WORK REQUIRED
Output nothing but the lines from the one holding "1-star-rated recipes have" to the end of the listing. Reproduce them exactly, without the pictures.

GIVEN MATERIAL
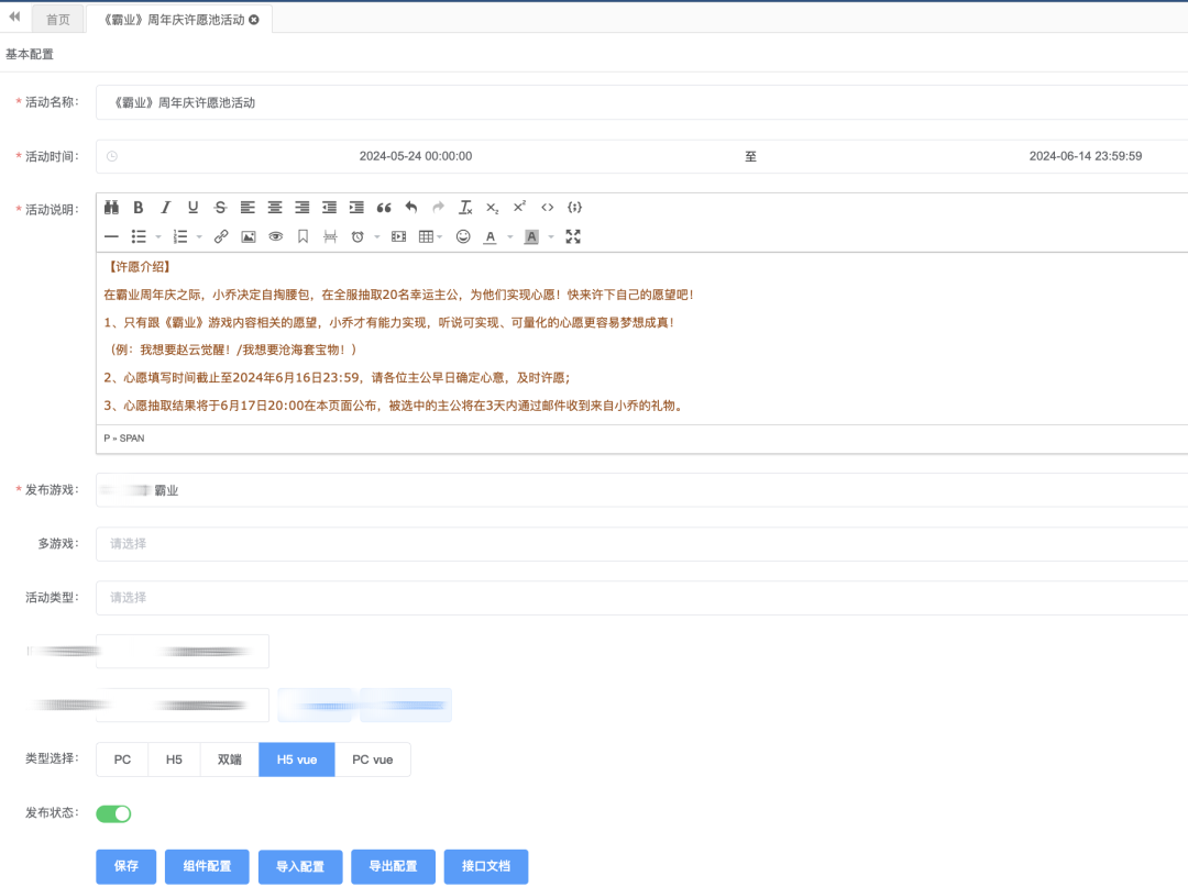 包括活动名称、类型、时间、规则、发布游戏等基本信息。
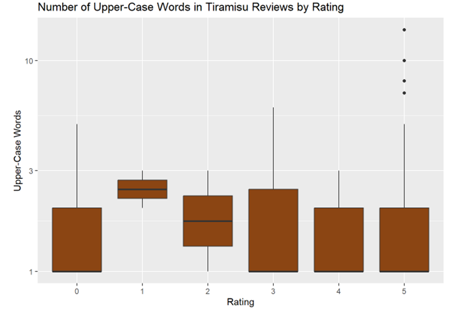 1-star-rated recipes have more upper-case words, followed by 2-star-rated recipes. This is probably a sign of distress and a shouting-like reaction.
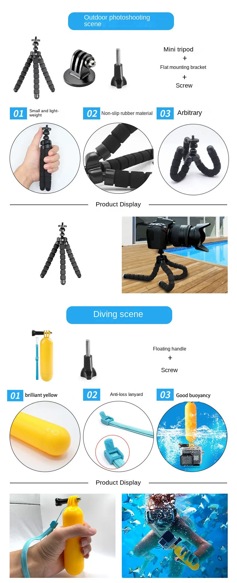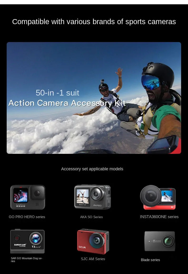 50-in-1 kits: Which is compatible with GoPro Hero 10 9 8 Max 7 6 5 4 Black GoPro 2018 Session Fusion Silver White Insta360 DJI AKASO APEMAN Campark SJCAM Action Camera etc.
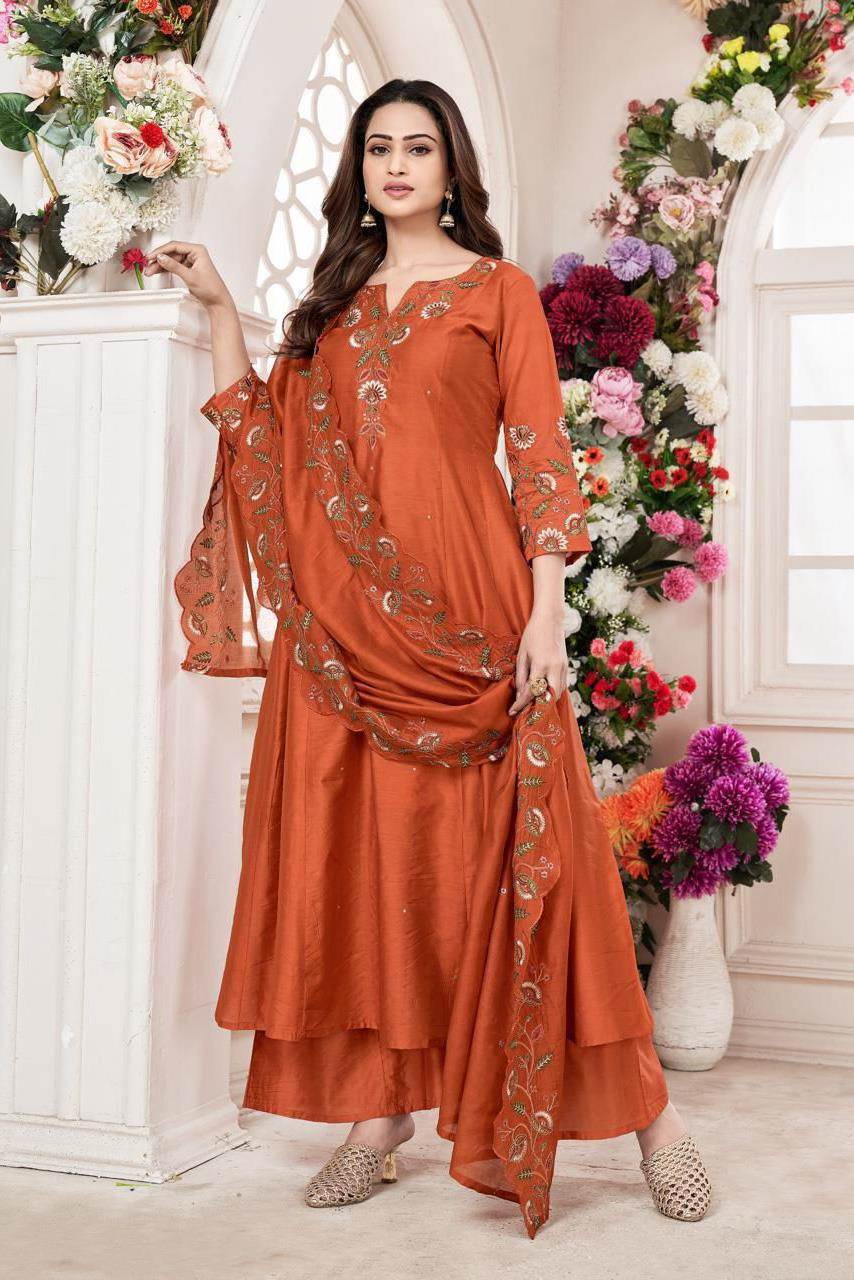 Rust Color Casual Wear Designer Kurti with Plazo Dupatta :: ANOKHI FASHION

SOLUTION BELOW
 1-star-rated recipes have more upper-case words, followed by 2-star-rated recipes. This is probably a sign of distress and a shouting-like reaction.
 50-in-1 kits: Which is compatible with GoPro Hero 10 9 8 Max 7 6 5 4 Black GoPro 2018 Session Fusion Silver White Insta360 DJI AKASO APEMAN Campark SJCAM Action Camera etc.
 Rust Color Casual Wear Designer Kurti with Plazo Dupatta :: ANOKHI FASHION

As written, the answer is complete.